Cost also becomes a part of the security discussion. Agents don’t naturally stop after a fixed number of tool calls; they stop when they believe that the objective has been reached. Without execution and tool limits, a single agent invocation could consume far more resources than expected.

To mitigate these risks, I implemented multiple security layers, including, but not limited to:

least privilege IAM permissions
explicit tool allow list
deterministic remediation policies inside tools
execution limits (max number of tool calls allowed, max duration the agent can run)
Bedrock Guardrails (against prompt injection attacks)

You can think of different security mitigations depending on your use case, but the lesson here is that production agents should never rely solely on model behaviour for safety. Security comes from deterministic controls around the modelm while the model provides the reasoning within those boundaries.

Conclusion

Thanks for reading about my experience of building an agent on the AWS tech stack.

Before starting this project, I expected to spend most of my time “working on AI”, i.e., testing models, refining prompts, and improving the agent’s reasoning.
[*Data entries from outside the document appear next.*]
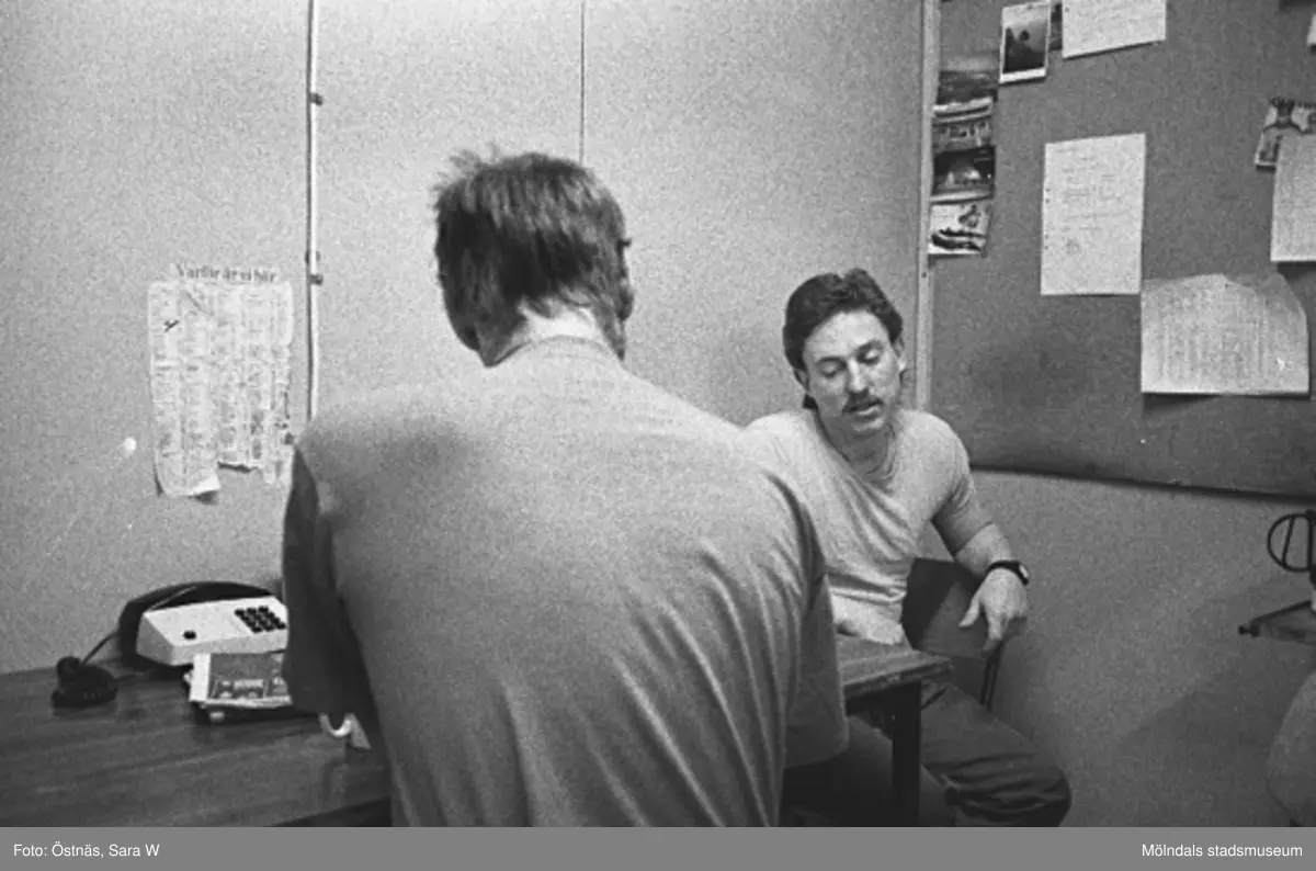 Titel: Kaffepaus på pappersfabriken, 1980-tal. Bilden ingår i serie från produktion och interiör på pappersindustrin Papyrus.
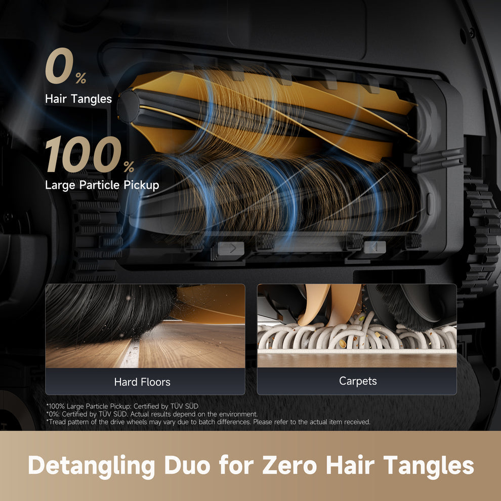Tired of demanding mopping and maintenance? Aqua10 Roller addresses this with real-time live water roller mopping that washes the mop pads while cleaning—paired with 6cm ProLeap™ navigation, obstacle avoidance, carpet care, 100% hair detangling, and self-cleaning and drying.
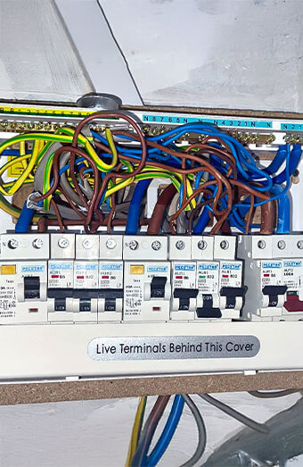 Complete replacement of outdated fuse boxes or overloaded boards with modern switchboards featuring circuit breakers and RCDs for improved safety and compliance.
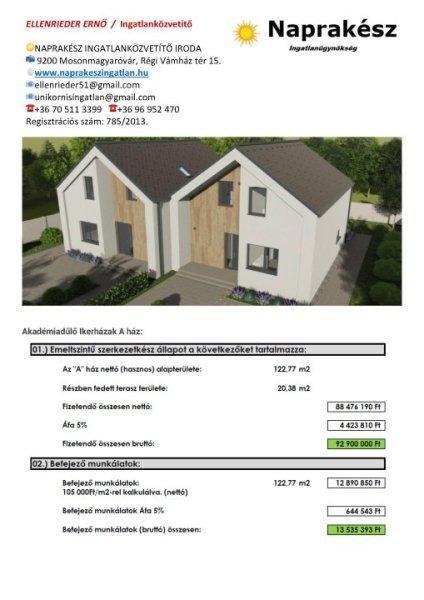 Eladó 122 nm-es Új építésű Ikerház Mosonmagyaróvár

However, in reality, those were only a small part of the engineering effort.

Most of my time went into designing a reliable system around the model:

defining clear ownership of responsibilities
implementing deterministic workflows where correctness mattered most
building observability
introducing security controls
limiting tool access

and generally making the solution resilient, reliable, secure, and scalable for production use.

AgentCore did what it promised and provided a managed runtime for running and scaling an AI agent. But building a production-ready agent involved much more than deploying a model with a few tools.

If there is one takeaway from this project, it’s that building an agent is easy, but building a reliable agent is mostly software engineering.